Julia would have liked for Emilio’s scent to have lingered on her like a

trace of all that is odd, strange and adorably crippled, like an exotic bird’s

pride wounded by leading a grey sparrow-like existence. But the truth

is she ended up loathing him and his way of deluding himself, of selling

himself and failing in the attempt, so much so that she lost respect for

both him, and herself — for being weak and giving in to his ludicrous

requests of reject-lover.

 

Emilio would have liked for his scent to have lingered on her like a

heroic trace fighting on two fronts, everyday domesticity and passionate

adventure. All neatly knitted together. When his lover banished him from

her life, Emilio decided to bear no grudge, to not give way to vulgarity.

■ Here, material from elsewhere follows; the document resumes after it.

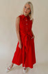 **Why You'll Love It** - Sleeveless silhouette with wide pointed collar - Gold-tone button-front placket - Self-tie sash at the natural waist — removable - Midi length, falling just below the knee - Lightweight, breathable fabric - Available in Chambray and Red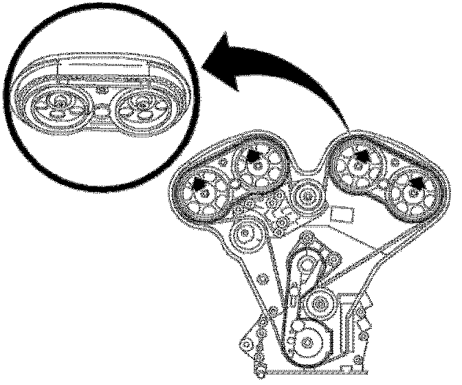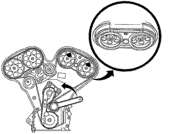 13. Align timing marks on each cam shaft sprocket with notch in rear timing belt cover.

Pride is paltry, he thought, making a noble mental gesture. And with this

gesture worthy of the greats, he went home to his 120 m2 adorned with,

amongst other things, a familiar, educated and conscientious wife, and a

son who had fortunately failed to inherit his features. Women are all the

same, he repeated to himself. In the end, it’s not worth risking marriage

over a disturbed and ignorant girl like Julia. You had to be careful: it’s

a well-known fact that women like to curtail a man’s freedom. They are

inherently more conservative — Encarna would never have forgiven him

for being unfaithful and he didn’t know how to be on his own.

 

On that Saturday like any other, when his secret life vanished, Emilio

went home with head bowed and, holding back the tears threatening to

erode his fleshy cheeks, hung his raincoat up on the stand, gave his wife

a chaste and timid kiss and went on to do his share of the chores as per

usual.

 

‘It seems that destiny has taken a hand’, ironised Rick in the mirror.